● **WHAT IS BEING ASKED**: Take the lines below beginning at the line that has "This crystal seam" and stopping after the line that has "Overloop. Riante masterbedroom", and print them exactly as they are, with no other lines.

● **INPUT DATA**:

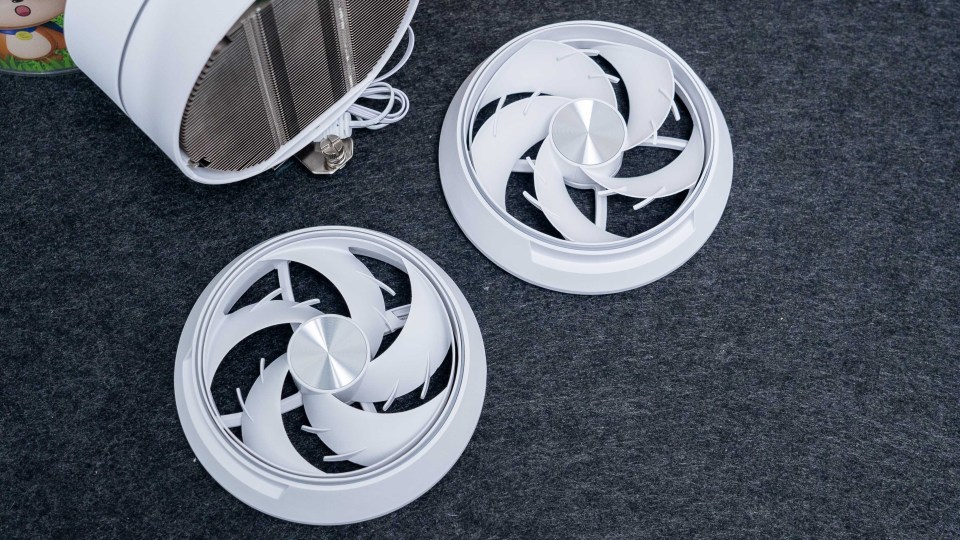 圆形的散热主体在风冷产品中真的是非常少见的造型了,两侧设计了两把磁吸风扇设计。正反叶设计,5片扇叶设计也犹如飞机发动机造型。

---

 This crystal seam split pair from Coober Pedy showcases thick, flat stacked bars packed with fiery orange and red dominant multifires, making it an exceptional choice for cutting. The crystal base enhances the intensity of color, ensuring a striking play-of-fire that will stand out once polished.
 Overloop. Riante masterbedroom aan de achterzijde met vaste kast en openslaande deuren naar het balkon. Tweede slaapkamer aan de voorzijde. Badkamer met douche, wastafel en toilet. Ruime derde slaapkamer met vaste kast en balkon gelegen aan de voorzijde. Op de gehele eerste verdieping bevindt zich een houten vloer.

● **SOLUTION BELOW**:
 This crystal seam split pair from Coober Pedy showcases thick, flat stacked bars packed with fiery orange and red dominant multifires, making it an exceptional choice for cutting. The crystal base enhances the intensity of color, ensuring a striking play-of-fire that will stand out once polished.
 Overloop. Riante masterbedroom aan de achterzijde met vaste kast en openslaande deuren naar het balkon. Tweede slaapkamer aan de voorzijde. Badkamer met douche, wastafel en toilet. Ruime derde slaapkamer met vaste kast en balkon gelegen aan de voorzijde. Op de gehele eerste verdieping bevindt zich een houten vloer.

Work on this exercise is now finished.